• [Problem to solve]:
What should be copied is the stretch of entries below from the line with "连环破斩:景天风位,雪见土位,景天使用酒金笺" up to and including the line with "wygodnie nakarmić malucha.", exactly and without images.

• [Collection entries]:

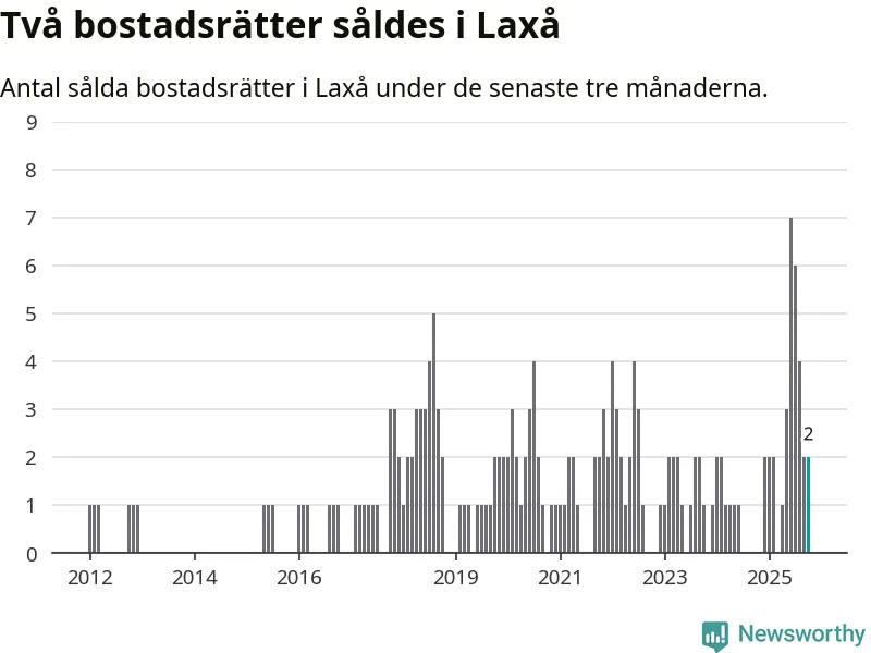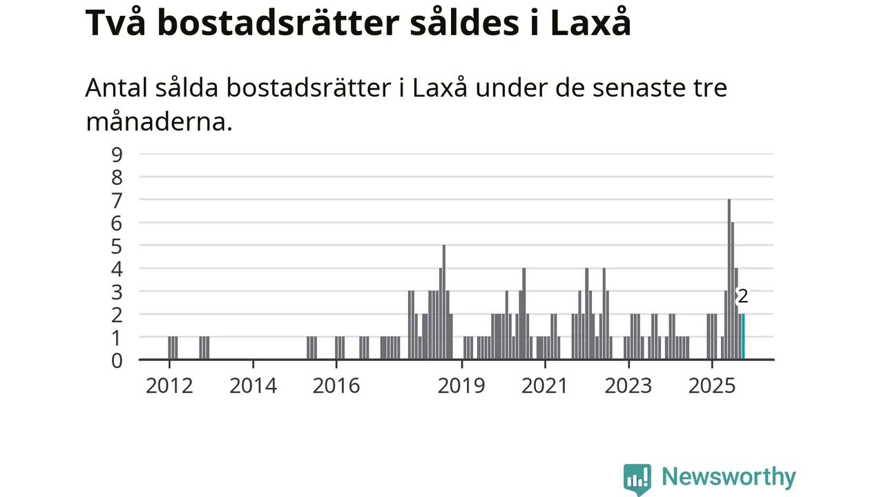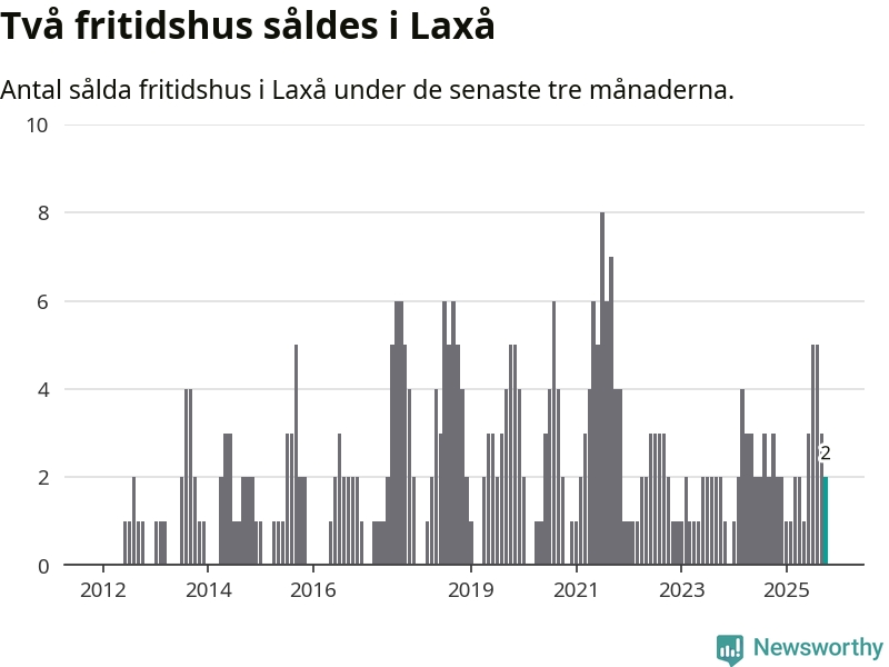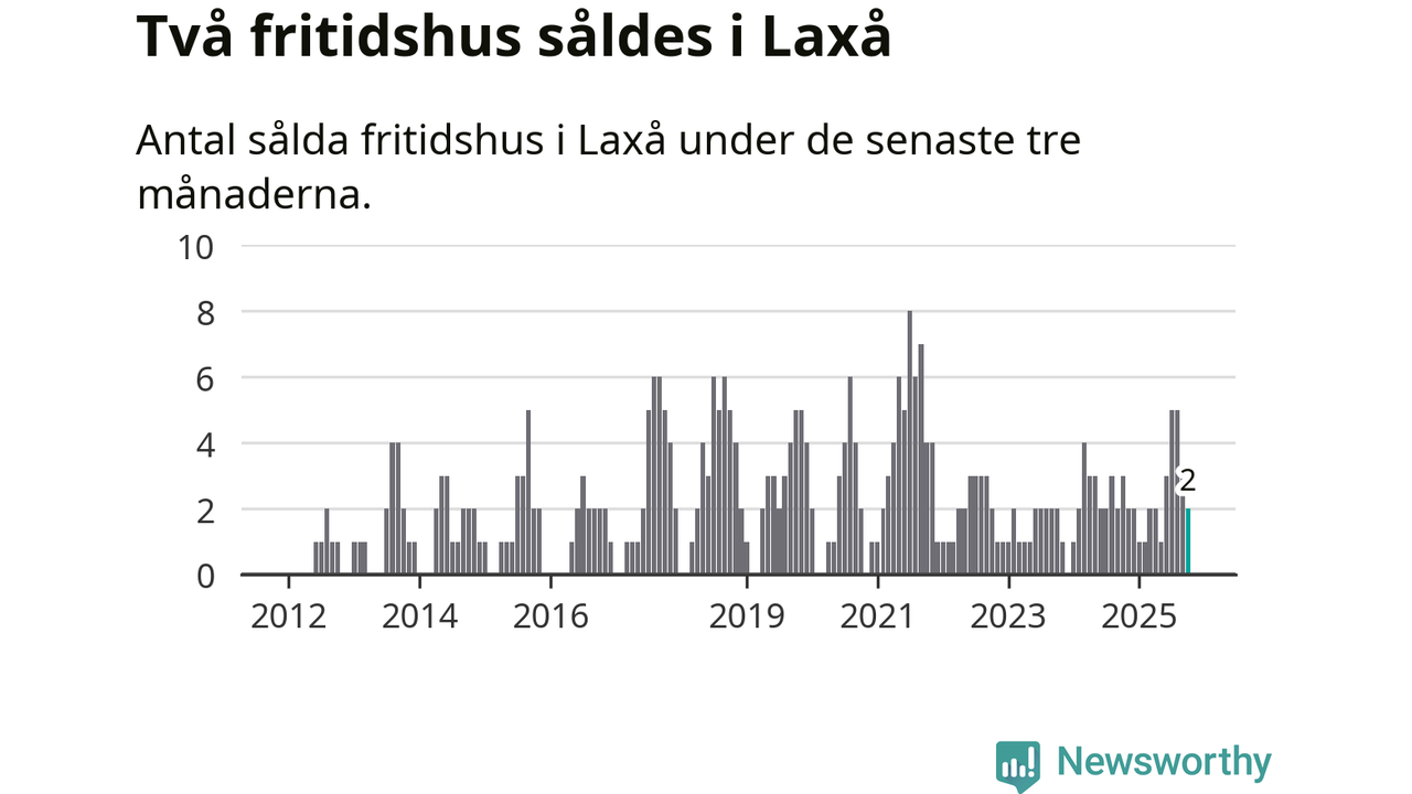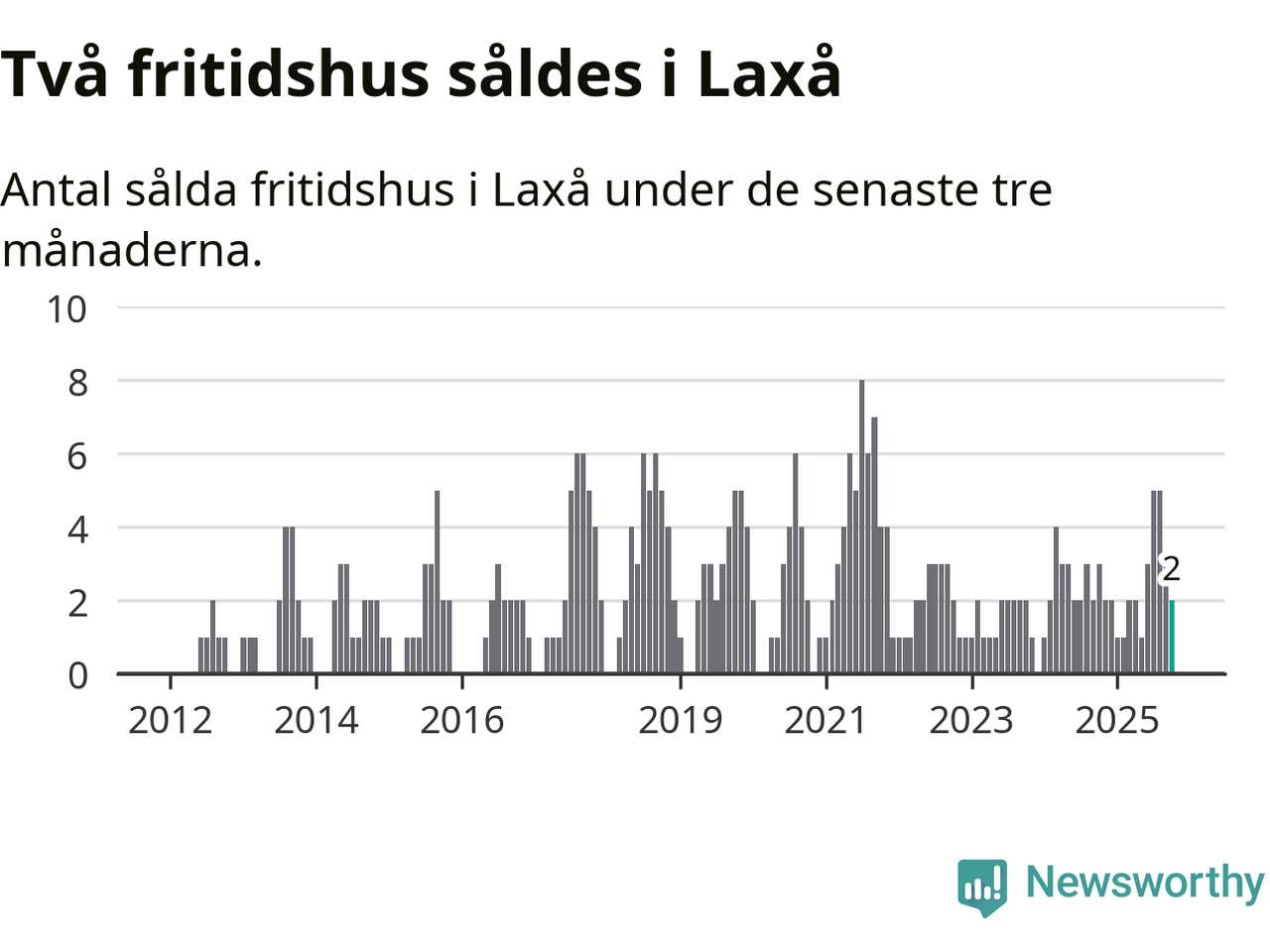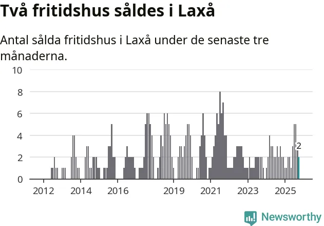 Mellan augusti och oktober gjordes sammanlagt två affärer med fritidshus i Laxå kommun. Det kan jämföras med tre vid motsvarande tid i fjol.
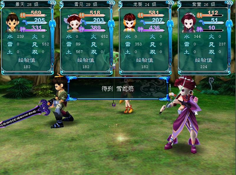 连环破斩:景天风位,雪见土位,景天使用酒金笺
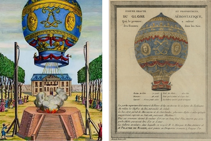 1783년 11월 21일 그 열기구에 피아드레 로지에르(Pilatre de Rozier)와 마르키즈 아르랑데(Marquis D‘Arlandes)란
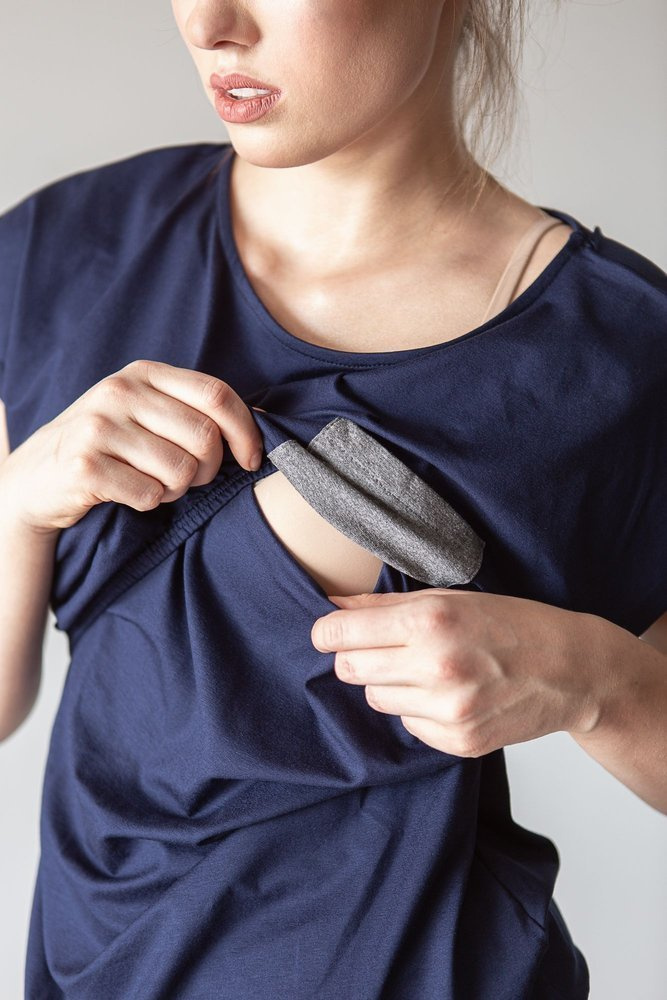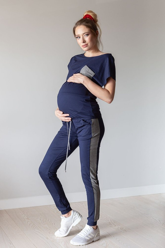 .Komplet dresowy z krótkim rękawem wykonany z wysokiej jakości dzianiny.Idealny zestaw dla przyszłych i obecnych mam. Klasyczny a jednak stworzony specjalnie z myślą o mamach komplet dresowy to połączenie wygodnych spodni z wysokim pasem z bluzą, która dzięki odciętej górze pozwoli wygodnie nakarmić malucha.
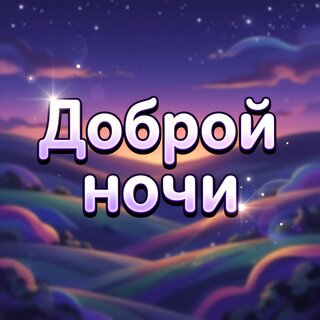Красивая поздравительная открытка с надписью «Доброй ночи» на фоне живописного ночного пейзажа. Изображение выполнено в мягких фиолетовых, розовых и синих тонах, передающих атмосферу спокойствия и умиротворения. На заднем плане видны холмы, звездное небо и мягкое сияние заката или рассвета. Идеально подходит для отправки в мессенджерах и социальных сетях в качестве милого пожелания спокойной ночи близким, друзьям или любимым.
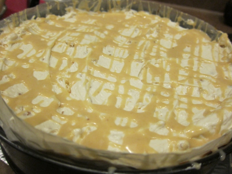 I also added some Reese's - because there obviously wasn't enough going on ;) I cut up a few to put in the center then put some around the outside of the cheesecake.
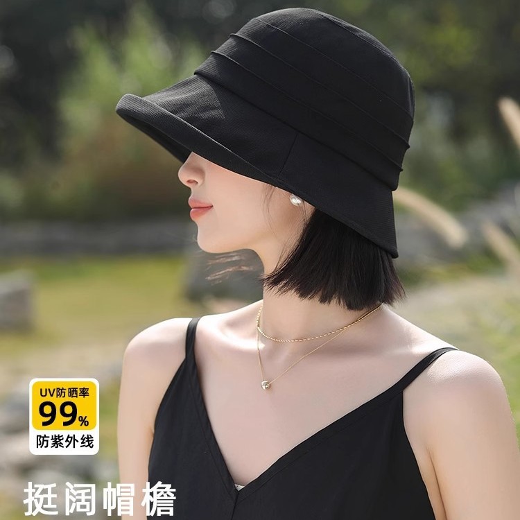 韓国版無地シンプルなプリーツフィッシャーマンハット2025年夏新作カジュアル多用途大きな頭囲日焼け止めサンシェード盆地帽子
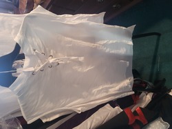 made in Cotton, Gauze, poly-silk- Elastic neck with a slight ruffle, elastic sleeve(optional) in a variety of colors, prints and solids.
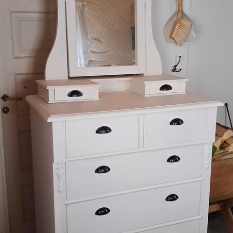 Antiikkinen kaunis peili lipasto, häviävää Antiikkia ja arvonsa säilyttävää.
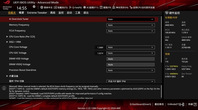 接下来则是重量级的要Extreme Tweaker界面,可以说是华硕主板最重要的设置项目,集成大量超频相关选项,最顶部的序列主要用来调整DOCP以及华硕AI智能超频设置选项,还有AEMP这种专门给没有预设模块效率条准备的意见超频功能,经典的AI Optimized,也可以在这个界面中的CPU Core Ratio设置中找到,开启后即可实现一键超频,提升性能,同时对于深度超频用户也会通过AI算法给出超频意见。
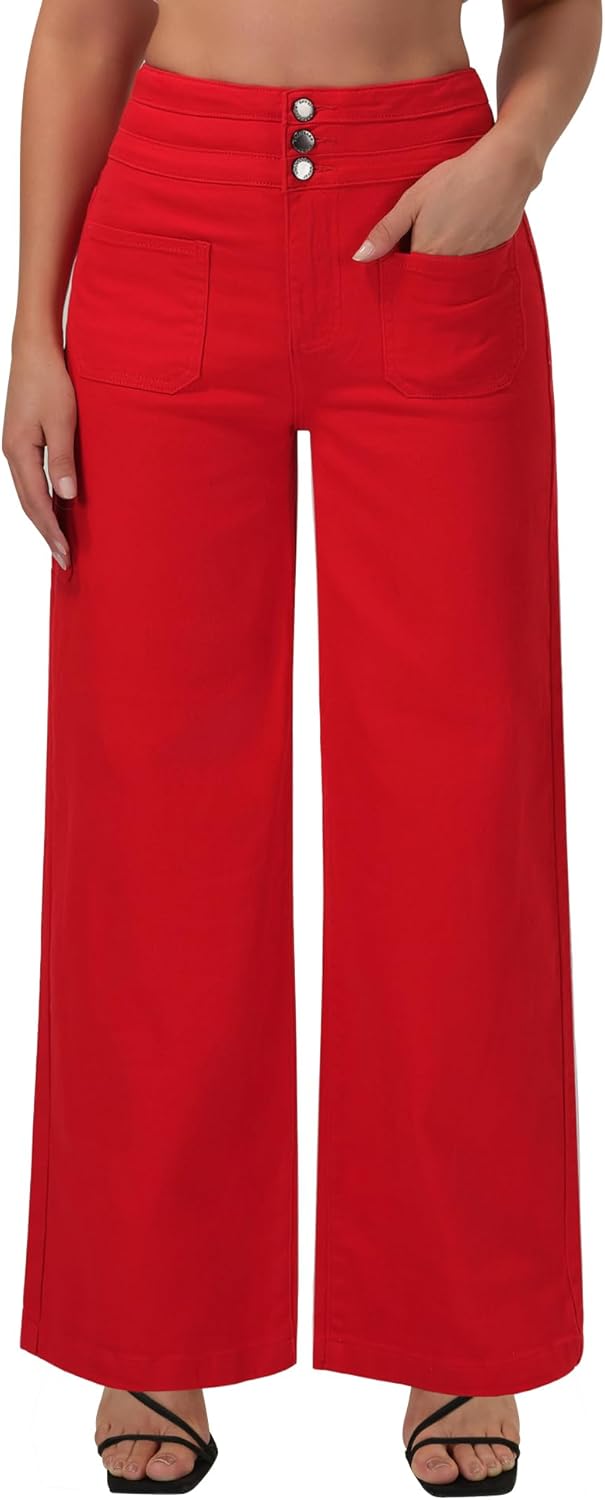roswear Wide Leg Jeans Woman High Waist Stretchy Loose Denim Pants
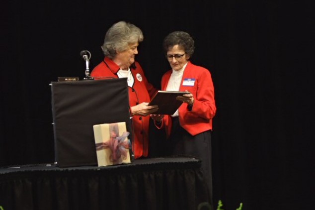 Two Jefferson County Republican women were honored with the Barbara McAndrew Jefferson County Republican Women Award. Vicki Forgety and Betty Fain made the presentations to Tamra Fain and Mary Ann French, respectively. Paula Rugel-Gibson presented Vicki Forgety the award for Republican of the Year.
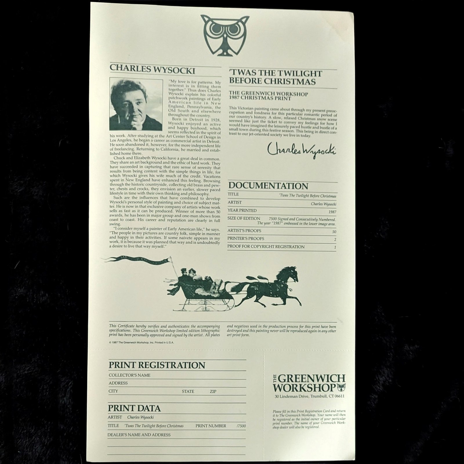 C. Wysocki ‘Twas The Twilight Before Christmas’ print is a picture perfect of a dreamy Victorian country Christmas.Wysocki’s work features his love of the Victorian Era Christmas with its relaxing scenes of people enjoying themselves. This print comes from the Greenwich Workshop in Trumbell, CT in 1987. This one is  number is 5856/7500 of signed prints.
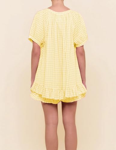 Womens Gingham Pajama Set 2 Piece Cotton Short Sleeve Plaid Ruffle Pjs Outfits Lounge Babydoll Shirt Sleepwear 5
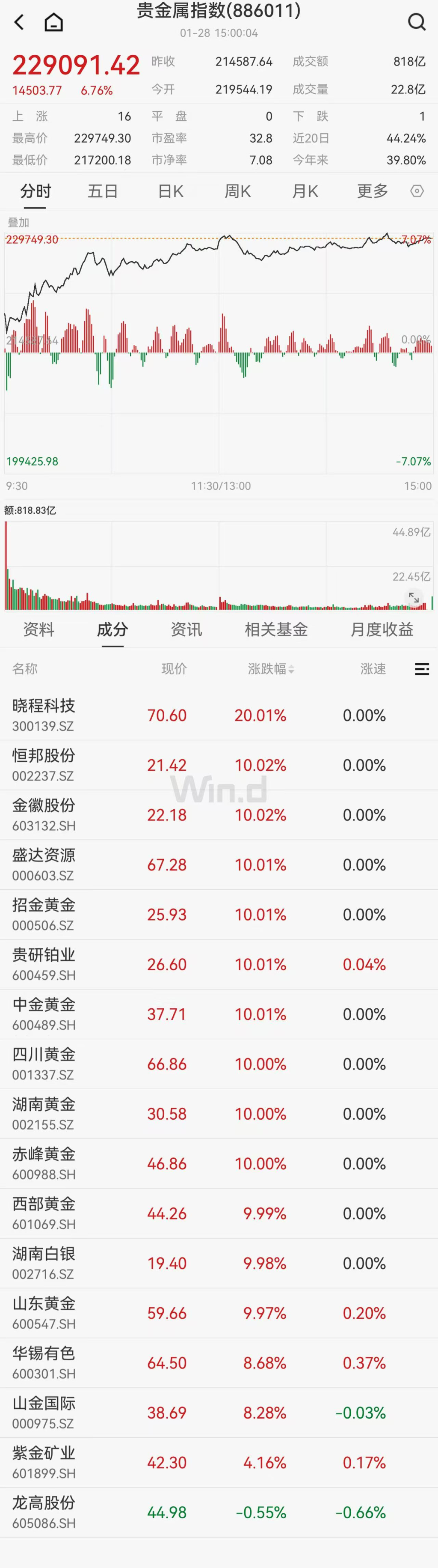 A股市場方面,黃金、有色金屬板塊1月28日掀漲停潮。Wind數據顯示,截至收盤,貴金屬指數大漲6.76%,曉程科技(300139)、浩通科技(301026)、常鋁股份(002160)、鋅業(yè)股份(000751)、白銀有色(601212)、羅平鋅電(002114)等超30股漲?;驖q超10%。

• [Result for this exercise]:
 连环破斩:景天风位,雪见土位,景天使用酒金笺
 1783년 11월 21일 그 열기구에 피아드레 로지에르(Pilatre de Rozier)와 마르키즈 아르랑데(Marquis D‘Arlandes)란
 .Komplet dresowy z krótkim rękawem wykonany z wysokiej jakości dzianiny.Idealny zestaw dla przyszłych i obecnych mam. Klasyczny a jednak stworzony specjalnie z myślą o mamach komplet dresowy to połączenie wygodnych spodni z wysokim pasem z bluzą, która dzięki odciętej górze pozwoli wygodnie nakarmić malucha.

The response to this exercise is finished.